IN THE MATTER OF THE ESTATE OF CATHERINE STORIONEAnnotate this Case
NOT FOR PUBLICATION WITHOUT THE
APPROVAL OF THE APPELLATE DIVISION
SUPERIOR COURT OF NEW JERSEY
DOCKET NO. A-0
IN THE MATTER OF THE ESTATE
OF CATHERINE STORIONE SLUTSKY,
THE ESTATE OF ISAAC SLUTKSY,
BY ITS EXECUTRIX SHEILA SLUTSKY,
CARMELLA PAPPERT and
November 20, 2014
Submitted September 23, 2014 Decided
Before Judges Messano and Hayden.
On appeal from the Superior Court of New Jersey, Chancery Division, Gloucester County, Docket No. 05-108.
Obermayer, Rebmann, Maxwell & Hippel, L.L.P., attorneys for appellant (Kimberly D. Sutton, on the brief).
Respondents Carmella Pappert and James Mach have not filed a brief.
This matter is before us for a second time. We provide some context by reference to our prior opinion.
Isaac and Catherine Slutsky were married in 1967. In re Estate of Slutsky v. Pappert, No. A-3716-06 (App. Div. Oct. 20, 2008) (slip op. at 2), certif. denied, 199 N.J. 130 (2009). Carmella Pappert was Catherine's daughter from a previous marriage.1 Ibid. In 1982, the couple purchased a rental duplex in Philadelphia ("the Philadelphia property"). Id. at 3. In 1985, James Mach befriended Catherine and ultimately moved into the Slutsky home, which caused the marriage to deteriorate. Id. at 2-3. Catherine controlled the couple's finances over the years, frequently wrote checks payable to Mach and opened a money market account at Wachovia Bank ("the Wachovia account"), naming Pappert's two sons as beneficiaries. Id. at 4, 6-7.
In August 2003, Isaac left the marital home, relocated to Philadelphia, and, in 2004, commenced divorce proceedings in Pennsylvania. Id. at 7. In that litigation, Catherine was ordered to account for various marital property and was enjoined from dissipating assets. Id. at 8-9. In a will handwritten by Pappert and dated October 16, 2004, Catherine appointed Pappert as her executrix, provided for the disposition of certain property and disinherited Isaac.

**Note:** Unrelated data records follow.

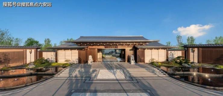 建发云城之上采用建发中式五大系列之一的禅境中式风格,将东方古典文化内涵与现代生活方式巧妙融合。主入口迎宾广场的门楼宽幅长达约 61 米,重檐悬山式设计搭配芝麻黑石材地雕、“鱼跃龙门” 御道,两侧分立石狮和罗汉松,尽显中式建筑的庄重典雅,彰显大户人家的气派。轴对称的大门设计,饰以中国传统华纹,古铜色与木色的配色,沉稳大气又不失雅致 。
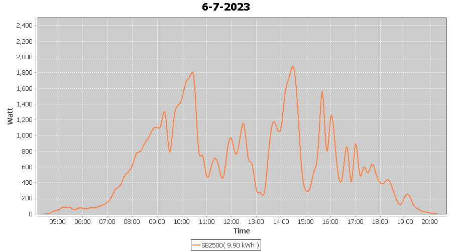 | 6-7-2023 | kWh | W/Wp | 9.90 | 2500 | 4.0 | 4.58 | £ 7.00 | 3.4 | |
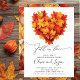 Den här inbjudan till repetitionsmiddag har ett vackert hjärta på hösten löv, skapar perfekten för ett falltemat party. Inbjudan är enkel och elegant, med vit bakgrund och svart text. Hjärtat från hösten i löv tillför stollig och roligt, och den övergripande utformningen är perfekten för att fira parets kommande bröllop.
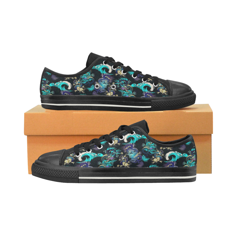Dragon sea wave pattern Men's Low Top Canvas Shoes Black
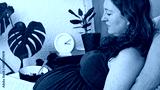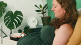 Pregnant Woman Relaxing at Home While Reading and Enjoying a Healthy Snack
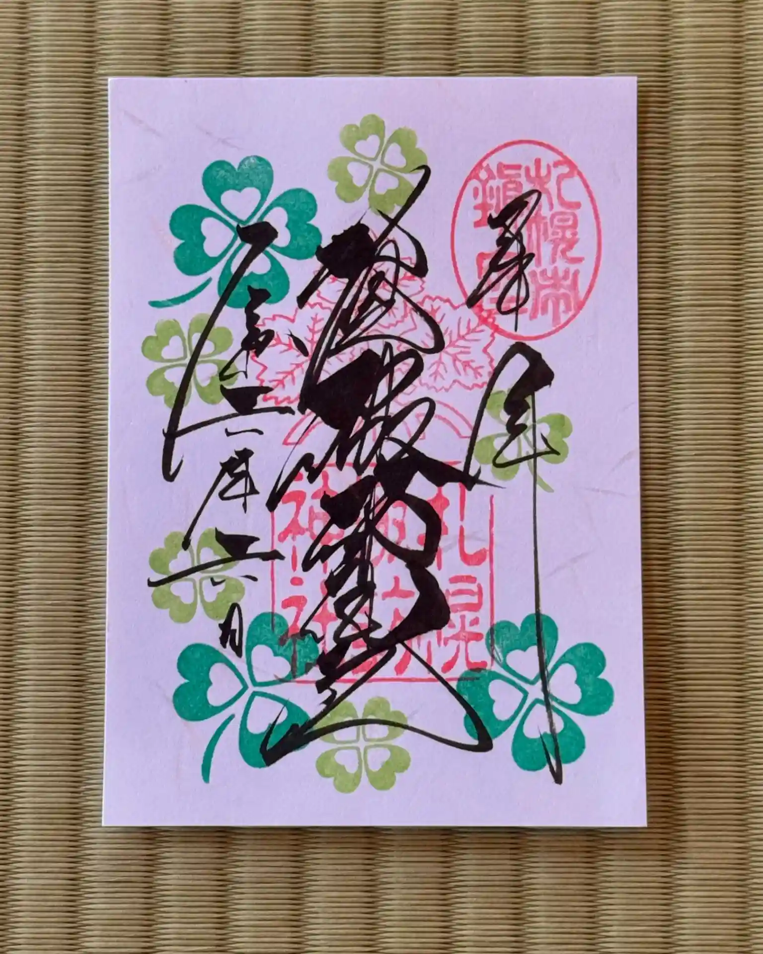 6月の御朱印は幸せの四つ葉のクローバーです🍀
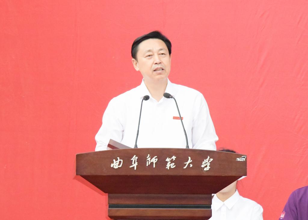 典礼在庄严的升旗仪式中拉开序幕。典礼上,党委书记邢光为新生代表佩戴校徽,勉励大家共担曲园的历史使命,共创未来荣光。党委副书记、校长张洪海以《守正创新求突破,勇毅前行谱新篇》为题,与新同学共话“大学之道”。党委副书记卢国强,党委常委、副校长胡凡刚分别在曲阜、日照校区主持典礼。

Id. at 9.
While the divorce proceedings were still pending, Catherine became gravely ill and died on December 1, 2004. Id. at 10. In May 2005, individually and as proposed administrator of Catherine's estate, Isaac commenced suit, naming Mach and Pappert as defendants, asserting Catherine had died intestate and seeking, among other things, to be appointed administrator of her estate and to impress a constructive trust on all marital property.2 Id. at 11. Pappert answered the complaint, and, in response to Isaac's assertion of Catherine's intestacy, asserted she lacked any knowledge regarding that claim. We need not detail the evidence adduced at the trial except to note that the judge (sometimes, "the trial judge") specifically found that Catherine and Mach acted to keep assets, particularly the Wachovia account, from being equitably distributed. Id. at 13-14.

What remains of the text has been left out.